コロナ禍以前から、決まった場所のオフィスで仕事をするのではなく、カフェやコワーキングスペースなどを利用するノマドワーキングが広がりを見せていました。
オフィスに縛られない働き方はコロナという偶発的な要素で爆発的に広がりましたが、素地はすでにできていたと言えるでしょう。
企業側にもワークアズライフに対応する動き
企業側にも変化は生まれていました。
経団連が2020年春闘で示したジョブ型雇用の導入提案がその一つの表れでしょう。
ジョブ型雇用とは、業務(ジョブ)に対して必要な要員を充てていくスタイルの雇用形態のことで、まずは会社の社員となってから部署をいくつか渡り歩いていく従来型のメンバーシップ型雇用とは大きく異なるものです。
ジョブ型雇用においては、何時間働いたかではなく業務に対して求められる実績を挙げたかが評価の対象となります。
オフィスで働くか在宅勤務するかは関係なく、労働時間とか定年制度などという概念も実質的には消えていくでしょう。

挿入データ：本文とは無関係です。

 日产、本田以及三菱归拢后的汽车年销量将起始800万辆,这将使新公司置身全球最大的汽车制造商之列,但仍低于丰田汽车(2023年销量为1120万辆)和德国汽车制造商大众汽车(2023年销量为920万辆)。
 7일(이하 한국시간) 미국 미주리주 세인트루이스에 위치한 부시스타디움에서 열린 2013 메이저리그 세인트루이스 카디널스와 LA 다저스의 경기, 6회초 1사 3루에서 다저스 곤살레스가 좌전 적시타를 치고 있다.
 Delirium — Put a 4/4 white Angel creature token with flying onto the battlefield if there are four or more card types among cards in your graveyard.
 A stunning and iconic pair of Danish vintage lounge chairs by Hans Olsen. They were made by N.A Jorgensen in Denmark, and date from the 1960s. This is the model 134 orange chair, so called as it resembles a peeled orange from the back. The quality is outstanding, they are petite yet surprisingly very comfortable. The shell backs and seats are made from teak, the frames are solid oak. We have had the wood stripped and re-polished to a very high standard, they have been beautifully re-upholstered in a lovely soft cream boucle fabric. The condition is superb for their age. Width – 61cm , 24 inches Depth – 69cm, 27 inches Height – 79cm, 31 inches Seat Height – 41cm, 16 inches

すでに、労働基準法に定められた労働時間等の規定を適用しない高度プロフェッショナル制度(高プロ)も、対象者は極めて少ないながらも導入されています。
ちなみに、高プロの対象者は以下のような人たちです。
- 金融商品の開発など高度の専門的知識等を有する
- 職務の範囲が明確に定められている
- 一定の年収要件(1075万円以上)を満たす
こうした変化を下支えしているのが情報端末の普及や通信技術の進歩といったインフラの整備ですよね。

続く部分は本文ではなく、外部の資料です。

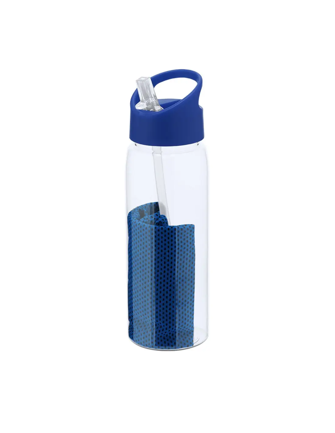 Set de bidón y toalla fabricados en RPET. Bidón de 800 ml de capacidad con sistema de fácil apertura libre de BPA con dosificador de pajita y asa de...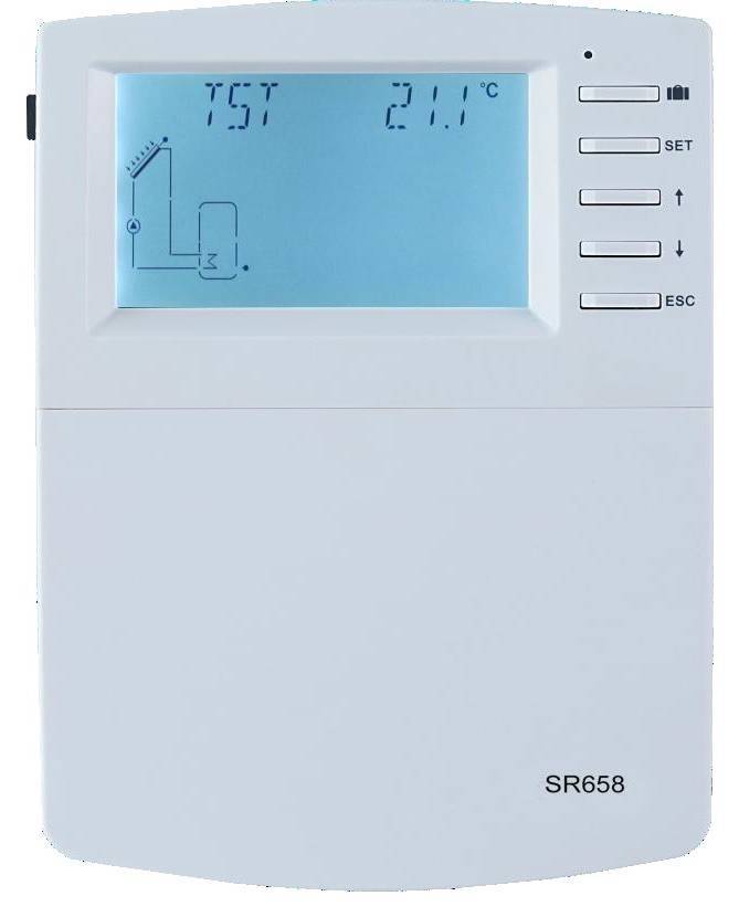 Regulatorul diferențial de temperatură SR 658 este un regulator destinat gestionării sistemelor solare termice. Poate gestiona 19 sisteme solare termice.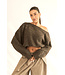 Het model is 1,78 m, draagt one size en heeft normaal maat S/M. De trui bevat 52% Acrylic, 33% recycled polyester en 15% wool.

どこにいても高速の通信が安定的かつ安価に確保されるからこそ、リモートワークが可能になったわけです。
スマホやノートパソコンがあり、通信回線が使えれば、カフェだってキッチンだってオフィス同様の空間となり得ますし、現になっていますね。
働く者も企業も変化し、変化の前提となる技術やインフラが整ったことにより、ワークとライフは相互に融け込み合いつつあります。
まさにワークアズライフという大きなパラダイムシフトが起こっているのを目の当たりにしているのかもしれません。
なじむ人となじめない人、なじむ業務とそうでない業務があるとは思いますが、今までの慣例にとらわれない新しい働き方が一気に普及していくような気がします。
それが企業によって賃下げのツールに都合よく使われないか? という心配は残りますが。
今回はワークアズライフについて考えてみました。では、また次回。